Resta-nos tecer alguns apontamentos sobre a elitização do saber, no caso, do conhecimento teológico. Faço esta inserção com muito cuidado e respeito ao movimento pentecostal.

Penso que a valorização da teologia é uma das heranças da Reforma Protestante. Desta feita, quanto mais próximo um grupo estiver do ideário e do espírito da Reforma, mais valorizada será, por este segmento, o preparo teológico.

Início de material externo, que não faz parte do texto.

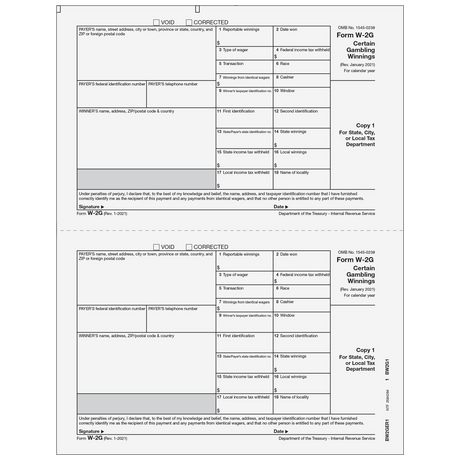 Regular price $3.84Unit price /UnavailableForm W-2G Certain Gambling Winnings, Payer State, City, Local, Copy 1 - 25 Qty

É aqui que encontramos o que pareceu ser uma dificuldade inicial no movimento pentecostal, no tocante ao preparo teológico, o que forneceria certo argumento para mentes preconceituosas. Suspeito que esta dificuldade inicial está atrelada a três fatores:

a) Segundo o saudoso Dr. Antônio Gouvêa Mendonça, a pretensão e marca do pentecostalismo residiria em um modelo de repetição das experiências bíblicas. Se está na Bíblia um bom pentecostal desejaria viver aquela mesma experiência. Por isso o Pentecostes se repetiria na experiência individual de cada um, daí a expressão pentecostalismo. Assim sendo, os pentecostais se veriam mais como herdeiros da Igreja Primitiva do que como netos da Reforma Protestante, com todas as implicações que esta ascendência traz;

b) Um segundo fator estaria atrelado à mística pentecostal. Um pregador pentecostal é literalmente usado pelo Espírito Santo na hora de sua homilia. Este recurso ao Espírito traz uma dupla consequência: a primeira, a desconfiança de que preparo demais pode atrapalhar a espontaneidade, a liberdade do Espírito Santo; a segunda, certa desconfiança com a pesquisa acadêmica, com o preparo intelectual, uma vez que eles simbolizariam uma “armadura de Saul”, para o pregador;

c) O último fator, derivado do segundo, estaria ligado à identidade pentecostal. Há certa dificuldade para muitos do pentecostalismo em transitar entre o preparo e o carisma. Novamente, o carismático é atrelado ao improviso, o qual autentica a manifestação espiritual, quando da sua ocorrência.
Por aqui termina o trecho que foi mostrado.